WHAT TO PRODUCE – Output the listing below verbatim, but drop the images.

EXERCISE DATA –

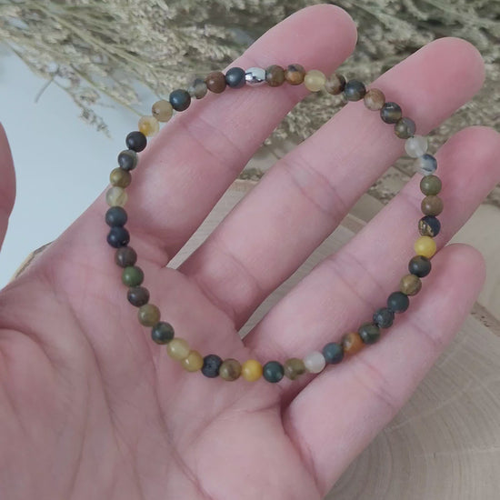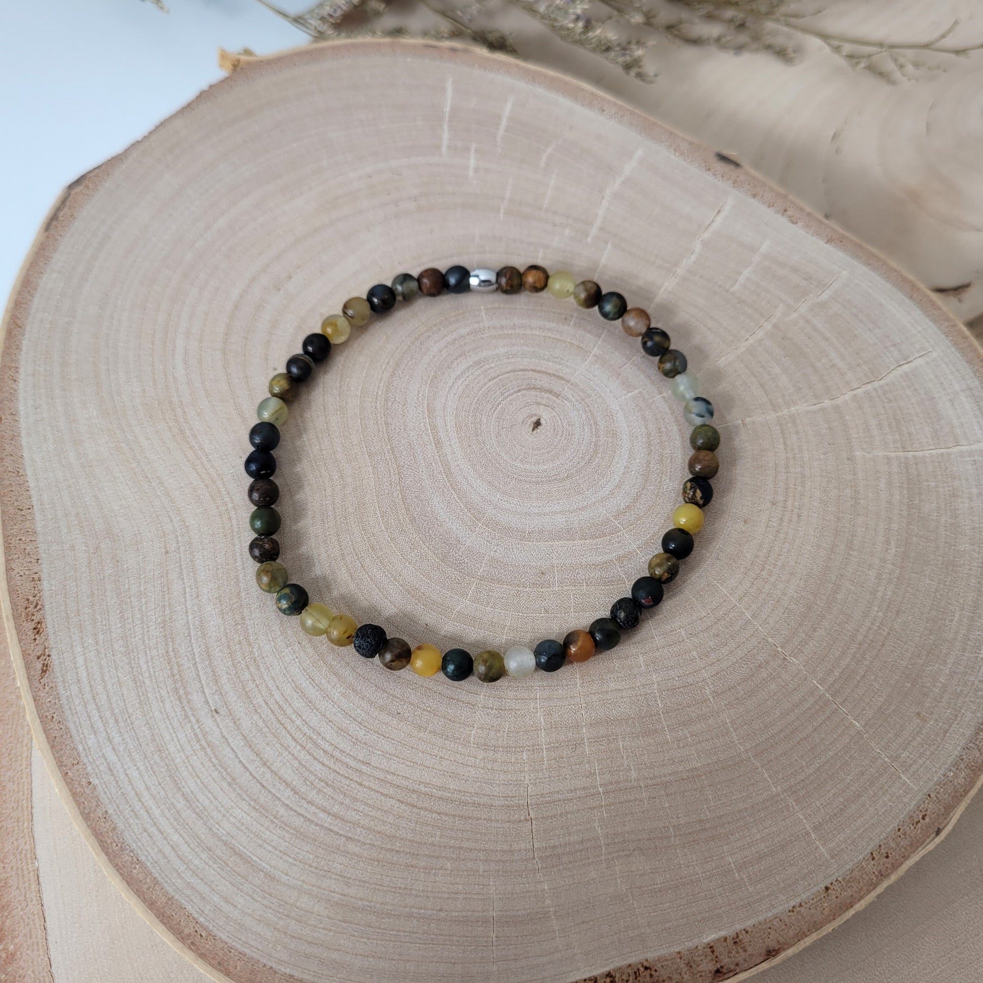 Elastisches Armband aus 4 mm Pietersit Perlen und einer Endperle (zum eleganten Kaschieren des Endknotens) aus hochwertigem Edelstahl (rostfrei, wasserfest). Armbandlänge ca. 19 cm.
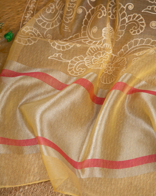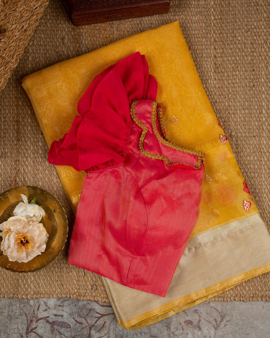 Tissue Linen With Machine Embroidery Yellow With Red Dancing Dawn Saree With Stitched Blouse In Size 38-44
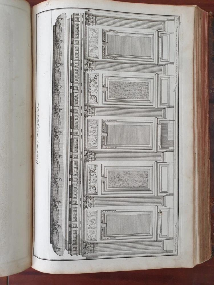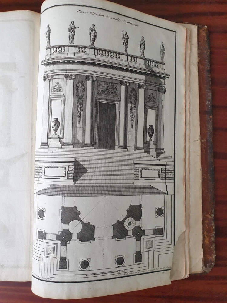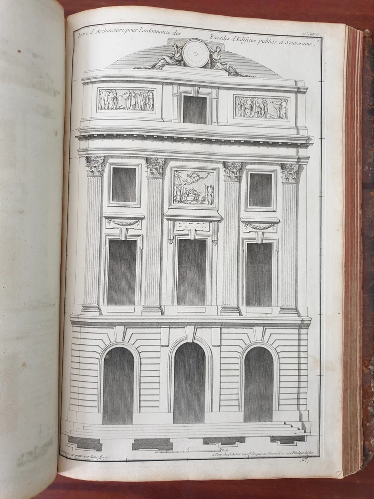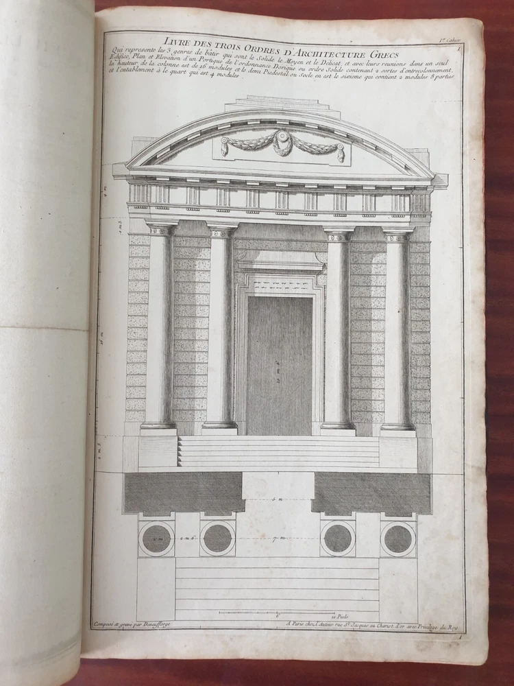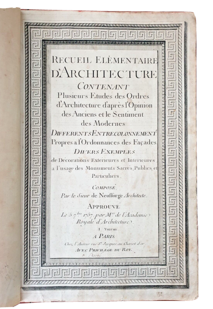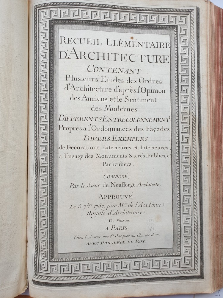 Title: Recueil Elémentaire d'Architecture contenant Plusieurs Etudes des Ordres d'Architecture d'après l'Opinion des Anciens et le Sentiment des Modernes. Author: NEUFFORGE, Jean François de (1714-1791) Publication: Paris, chez L’Auteur. Edition: 1757. Description: 390 X 290mm. 147 plates in total including titles , period leather binding. Jean-François de Neufforge (1714 - 1791) was a Belgian architect and engraver, known for his "Recueil elementaire d'architecture," a book of architectural engravings. The series of books on architecture, published in Paris between 1757 and 1780, contained 900 engravings depicting aspects of 18th century architecture, most of which Neufforge himself designed and engraved. The engravings cover the full range of buildings of his time - including facades, floor plans, doors, columns, vases, staircases, fireplaces and fences. The book was widely used by architects in the 18th century. Heavy rubbing of the binding, cracking of the leather of the binding near the spine, staining and rubbing on the pages in places (without affecting the content), rubbing of the page edges. Plate nr 141 with a tear. Please see pictures.

FINAL ANSWER –
 Elastisches Armband aus 4 mm Pietersit Perlen und einer Endperle (zum eleganten Kaschieren des Endknotens) aus hochwertigem Edelstahl (rostfrei, wasserfest). Armbandlänge ca. 19 cm.
 Tissue Linen With Machine Embroidery Yellow With Red Dancing Dawn Saree With Stitched Blouse In Size 38-44
 Title: Recueil Elémentaire d'Architecture contenant Plusieurs Etudes des Ordres d'Architecture d'après l'Opinion des Anciens et le Sentiment des Modernes. Author: NEUFFORGE, Jean François de (1714-1791) Publication: Paris, chez L’Auteur. Edition: 1757. Description: 390 X 290mm. 147 plates in total including titles , period leather binding. Jean-François de Neufforge (1714 - 1791) was a Belgian architect and engraver, known for his "Recueil elementaire d'architecture," a book of architectural engravings. The series of books on architecture, published in Paris between 1757 and 1780, contained 900 engravings depicting aspects of 18th century architecture, most of which Neufforge himself designed and engraved. The engravings cover the full range of buildings of his time - including facades, floor plans, doors, columns, vases, staircases, fireplaces and fences. The book was widely used by architects in the 18th century. Heavy rubbing of the binding, cracking of the leather of the binding near the spine, staining and rubbing on the pages in places (without affecting the content), rubbing of the page edges. Plate nr 141 with a tear. Please see pictures.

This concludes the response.